_WORK INSTRUCTIONS_
Nothing but the lines below from the one with "そこで、スーパーの中をウロウ" through the one with "Пауль де Вос" should be output, each exactly as given, and no pictures.

_DATASET RECORDS_
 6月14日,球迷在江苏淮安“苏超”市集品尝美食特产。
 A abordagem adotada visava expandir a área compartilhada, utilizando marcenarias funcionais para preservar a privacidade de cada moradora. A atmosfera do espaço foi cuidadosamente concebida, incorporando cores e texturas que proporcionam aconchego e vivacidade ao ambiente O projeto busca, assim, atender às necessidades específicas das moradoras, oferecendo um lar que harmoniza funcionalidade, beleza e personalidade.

* * *

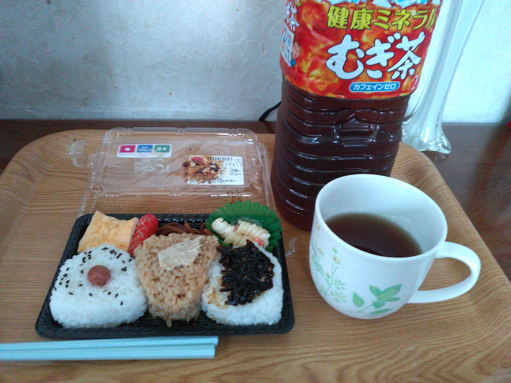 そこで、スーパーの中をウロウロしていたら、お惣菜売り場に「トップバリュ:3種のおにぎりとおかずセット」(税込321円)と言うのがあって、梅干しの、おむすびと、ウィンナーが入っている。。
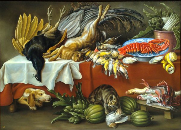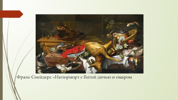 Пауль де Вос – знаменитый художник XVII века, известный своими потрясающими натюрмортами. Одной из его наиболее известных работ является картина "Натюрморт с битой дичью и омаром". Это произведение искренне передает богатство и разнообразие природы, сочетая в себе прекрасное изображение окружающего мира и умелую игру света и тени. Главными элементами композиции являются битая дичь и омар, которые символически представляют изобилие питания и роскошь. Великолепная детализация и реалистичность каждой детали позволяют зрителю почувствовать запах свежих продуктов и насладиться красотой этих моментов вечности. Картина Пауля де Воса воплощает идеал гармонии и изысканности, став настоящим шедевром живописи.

_EXERCISE RESPONSE_
 そこで、スーパーの中をウロウロしていたら、お惣菜売り場に「トップバリュ:3種のおにぎりとおかずセット」(税込321円)と言うのがあって、梅干しの、おむすびと、ウィンナーが入っている。。
 Пауль де Вос – знаменитый художник XVII века, известный своими потрясающими натюрмортами. Одной из его наиболее известных работ является картина "Натюрморт с битой дичью и омаром". Это произведение искренне передает богатство и разнообразие природы, сочетая в себе прекрасное изображение окружающего мира и умелую игру света и тени. Главными элементами композиции являются битая дичь и омар, которые символически представляют изобилие питания и роскошь. Великолепная детализация и реалистичность каждой детали позволяют зрителю почувствовать запах свежих продуктов и насладиться красотой этих моментов вечности. Картина Пауля де Воса воплощает идеал гармонии и изысканности, став настоящим шедевром живописи.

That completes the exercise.